DirectLiNGAM in Python

DirectLiNGAM (with bootstrapping) in Python

Notes & memorandums

table of contents

◆ Introduction ◆ Environment ◆ Procedure ◆ 3 variables --Preparation --Data generation --Bootstrap --Confirmation of orientation --Confirmation of DAG ◆ 7 variables --Preparation --Data generation --Bootstrap --Confirmation of orientation --Confirmation of DAG ◆ Reference

Introduction

I estimated the simulation data using the lingam package implemented last time.

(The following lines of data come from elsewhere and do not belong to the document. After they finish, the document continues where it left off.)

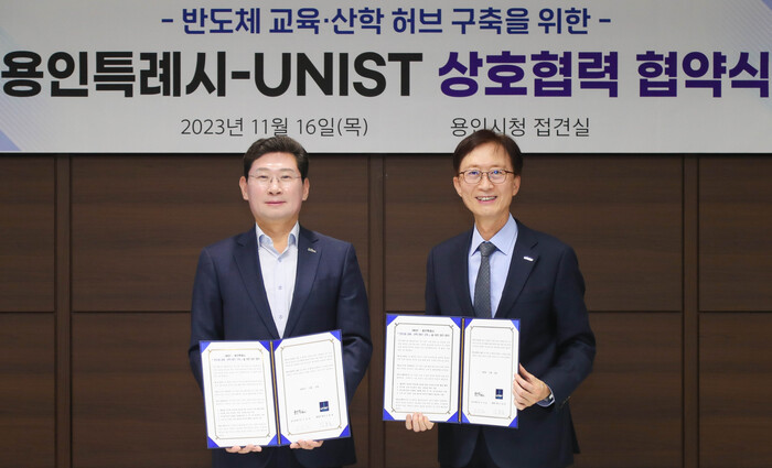 용인특례시와 UNIST는 16일 용인시청 시장 접견실에서 이상일 용인특례시장과 이용훈 UNIST 총장이 참석한 가운데 반도체 전문인력 양성과 산‧관‧학 네트워크 구축을 위한 업무 협약을 체결했다.
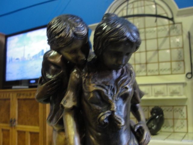 14" BRONZE STATUE BOY AND GIRL 'EMBRACING '
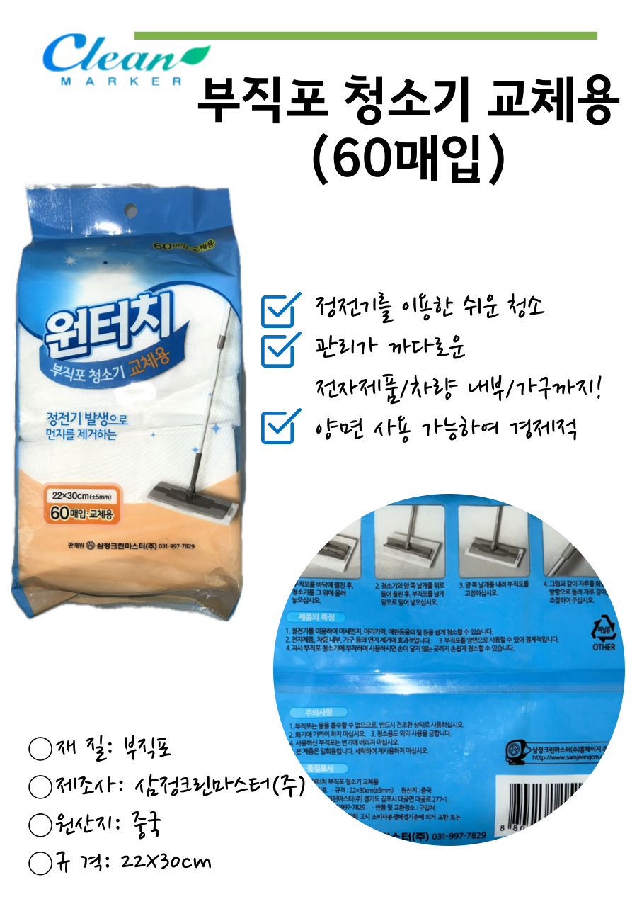 원터치 부직포 청소기 교체용 60매입
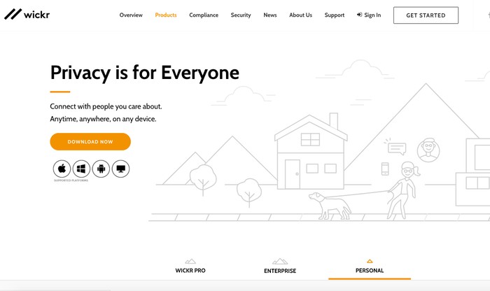 Wickr Me. Salah satu aplikasi yang digadang-gadang amat menjamin privasi di antaranya karena jaminan tidak menyimpan kontak pengguna di servernya, maupun metadata. Percakapan di sini pun punya enkripsi tingkat tinggi. (Foto:Β wickr.com)
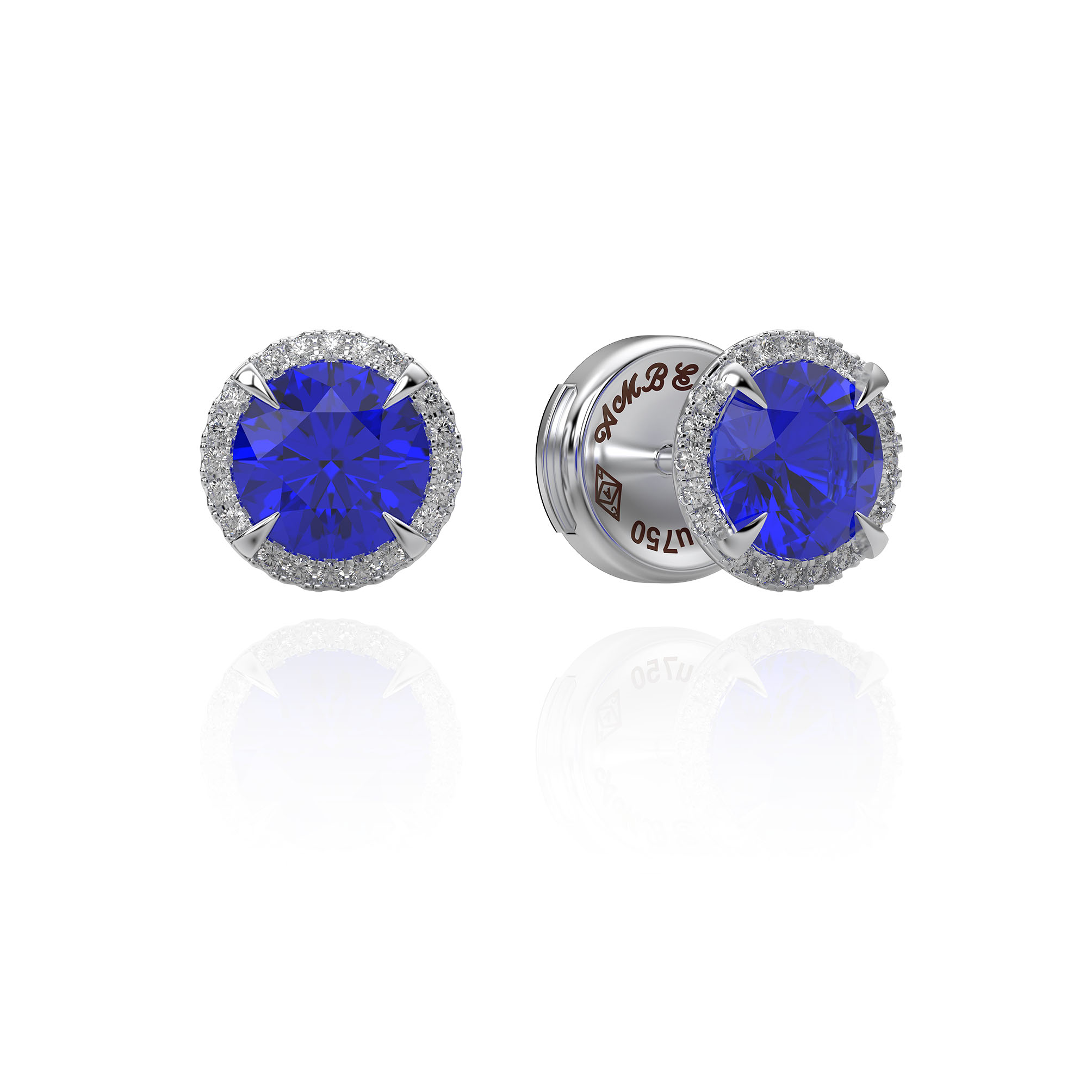 HALO Brilliant cut 1ct L sapphire earrings.18k d.vvs1

LiNGAM in Python https://qiita.com/kumalpha/items/f05bd031cf9daac464a0

environment

OS: Mojave (version; 10.14.6) Python: 3.7.6 JupyterLab: 1.2.6

procedure

  1. Preparation
  2. Data generation
  3. Bootstrap
  4. Confirmation of orientation
  5. Confirmation of DAG

3 variables

Preparation

# DirectLiNGAM
# Import and sets
import numpy as np
import pandas as pd
import graphviz
import lingam
from lingam.utils import make_dot

print([np.__version__, pd.__version__, graphviz.__version__, lingam.__version__])

np.set_printoptions(precision=3, suppress=True)
np.random.seed(0)
['1.18.1', '1.0.1', '0.13.2', '1.2.1']

Data generation

# Create test data
x0 = np.random.uniform(size=10000)
x1 = 3.0*x0 + np.random.uniform(size=10000)
x2 = 5.0*x0 + 0.5*x1 + np.random.uniform(size=10000)
X = pd.DataFrame(np.array([x0, x1, x2]).T,columns=['x0', 'x1', 'x2'])
X.head()
	x0	x1	x2
0	0.758125	2.643633	5.420089
1	0.503319	1.721282	3.439239
2	0.177017	1.007955	2.377846
3	0.832537	2.579844	6.171695
4	0.516825	1.788134	4.235760
# Visualize the test data
m = np.array([[0.0, 0.0, 0.0],
			[3.0, 0.0, 0.0],
			[5.0, 0.5, 0.0]])
make_dot(m)

This causal relationship will be estimated using the bootstrap method.

Bootstrap

model = lingam.DirectLiNGAM()
result = model.bootstrap(X, 3000) # Number of bootstrapping samples
cdc = result.get_causal_direction_counts(n_directions=10, min_causal_effect=0.1)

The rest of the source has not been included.